━━━━━ Data shown
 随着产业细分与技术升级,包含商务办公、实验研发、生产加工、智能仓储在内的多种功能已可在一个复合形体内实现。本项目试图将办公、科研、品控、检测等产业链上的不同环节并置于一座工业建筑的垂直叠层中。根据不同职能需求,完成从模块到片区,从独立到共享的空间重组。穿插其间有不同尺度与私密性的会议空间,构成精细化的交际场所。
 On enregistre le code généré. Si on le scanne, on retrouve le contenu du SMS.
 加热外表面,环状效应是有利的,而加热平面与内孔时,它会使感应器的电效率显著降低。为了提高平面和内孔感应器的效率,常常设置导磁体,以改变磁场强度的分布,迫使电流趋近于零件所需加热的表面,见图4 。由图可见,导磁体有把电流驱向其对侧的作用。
━━━━━━━━━━
━━━━━ Data shown
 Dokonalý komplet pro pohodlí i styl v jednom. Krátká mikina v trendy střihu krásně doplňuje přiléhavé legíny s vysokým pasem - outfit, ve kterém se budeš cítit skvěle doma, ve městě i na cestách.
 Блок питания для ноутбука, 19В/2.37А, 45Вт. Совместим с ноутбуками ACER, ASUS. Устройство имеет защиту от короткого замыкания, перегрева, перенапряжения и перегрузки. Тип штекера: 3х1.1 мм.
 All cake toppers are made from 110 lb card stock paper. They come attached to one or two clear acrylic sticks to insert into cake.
━━━━━━━━━━
Look through the material above and print exactly the lines from the one containing "On enregistre le" to the one containing "加热外表面,环状效应是有利的", both included, and nothing more.

 On enregistre le code généré. Si on le scanne, on retrouve le contenu du SMS.
 加热外表面,环状效应是有利的,而加热平面与内孔时,它会使感应器的电效率显著降低。为了提高平面和内孔感应器的效率,常常设置导磁体,以改变磁场强度的分布,迫使电流趋近于零件所需加热的表面,见图4 。由图可见,导磁体有把电流驱向其对侧的作用。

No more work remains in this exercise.